I seems so easy to veer away from remembering what it important, and what I have to be so thankful for...the world has a way of making you feel like you need more, like what we have isn't good enough...and if only we had the next thing on our list accomplished...then we would be TRULY happy. But that is a lie, we should be happy now...in this moment, with all that we have right now. Dont get me wrong, it is important to strive for goals...and to be motivated for the future...and we should be excited for what is to come, however, it should not cloud our judgement into thinking that we wont be happy until we reach that next level. The reality is, whatever level you get to, whatever stage you are at...there will ALWAYS be another step, another stage, another level...so that means if we are never happy until we get to the next point, we will never be satisfied.
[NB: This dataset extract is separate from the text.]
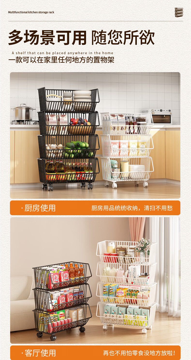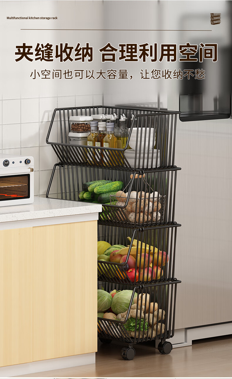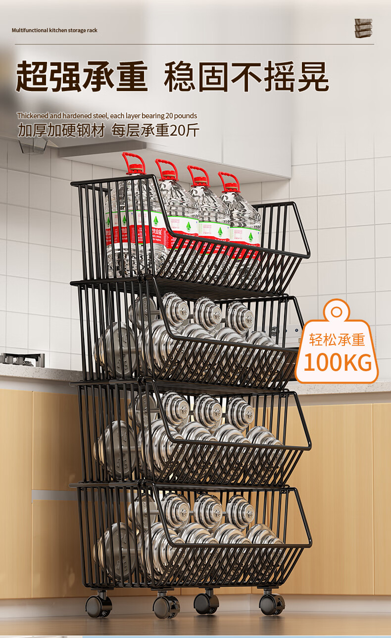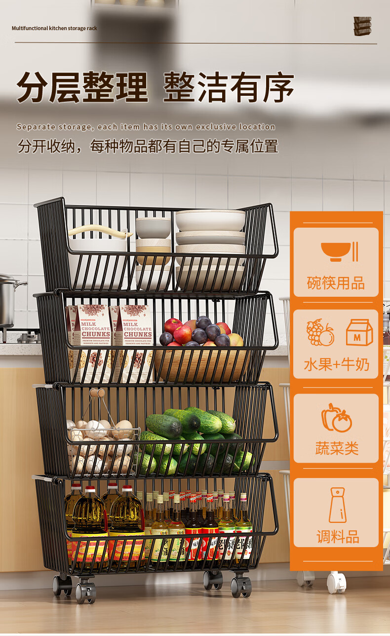 Fat Donglai's same style kitchen multi-functional floor-standing storage rack multi-layer storage rack snacks toys vegetable basket dishes vegetables high quality grilled black medium 30cm five layers + feet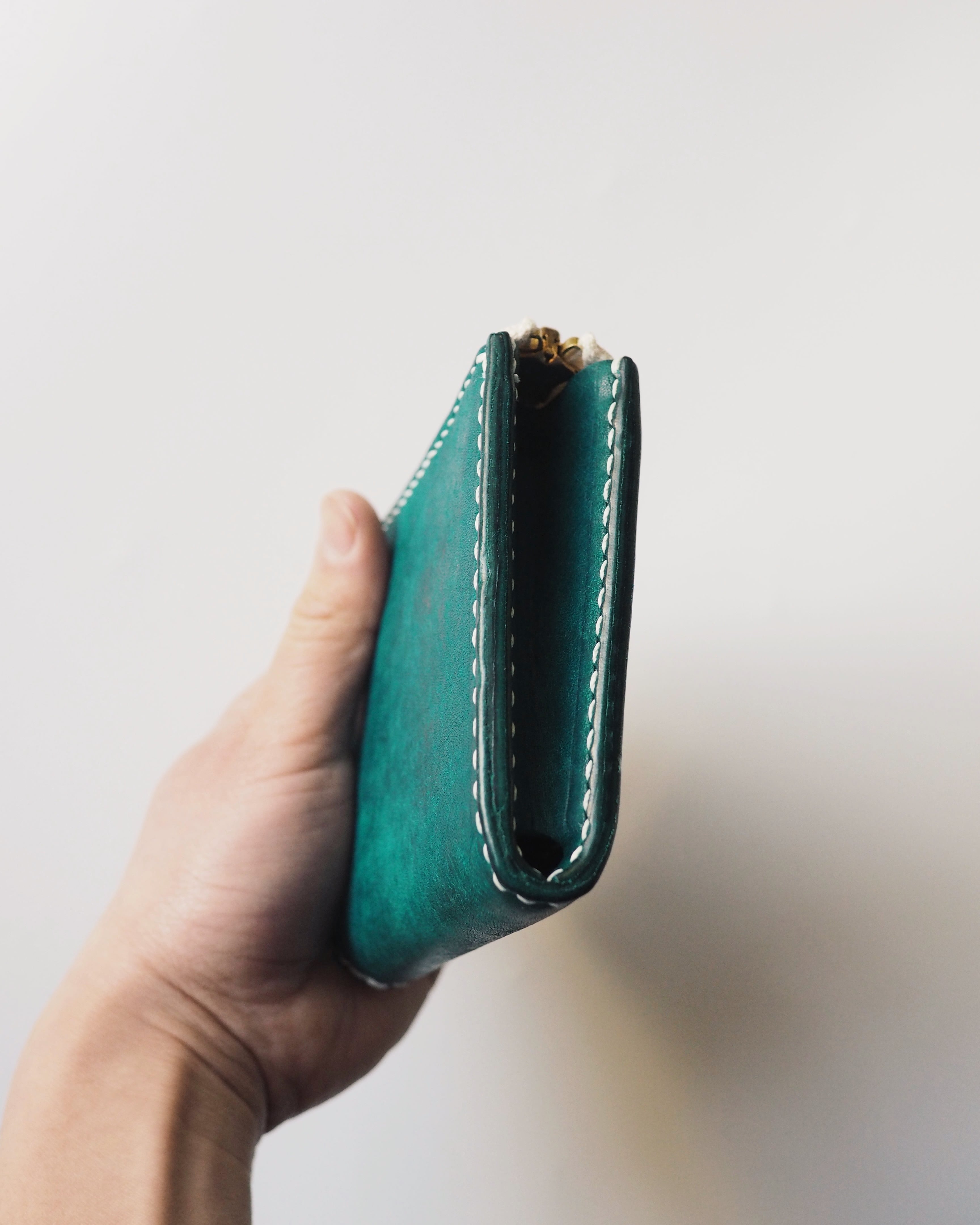 今後ミシン縫い製品も展開していきますが、こういったメインとなるお財布はなるべく手縫いで展開していきます。

I thought about it yesterday, there are so many things in my life to be thankful for. My amazing, bright, beautiful little boy, who is so healthy and happy...my wonderful supportive husband. We live in a free country, with so many opportunities. We have clean water to drink. My family is taken care of, we have everything we need. My husband and I both have an education. I have a great job to go back to, and I only have to work a few 1/2 days a week. I have the capacity to love, and be loved by another. I can see with my eyes, the beautiful sunsets that God gives us each night. I can smell the beautiful flowers that my husband bought for me, and I can taste the delicious food that we can afford to buy, and cook ourselves.
I have the ability to have children, and create a family. I have so many wonderful memories to think of, and share with my children. I dont have to worry when I go to bed at night if we are safe or not. I have this day, this moment to be happy with all that I have.
There are too many things in life that can steal our joy, God gave us GRACE, MERCY & PEACE. He gives us the ability to keep our joy, even when we dont deserve it. I know that whatever stage of life I am in, God with provide just enough of the three of those things to get me through. Today I pray for peace in my heart, to accept the inevitable change that is life...and to be grateful for all the wonderful blessings in my life today.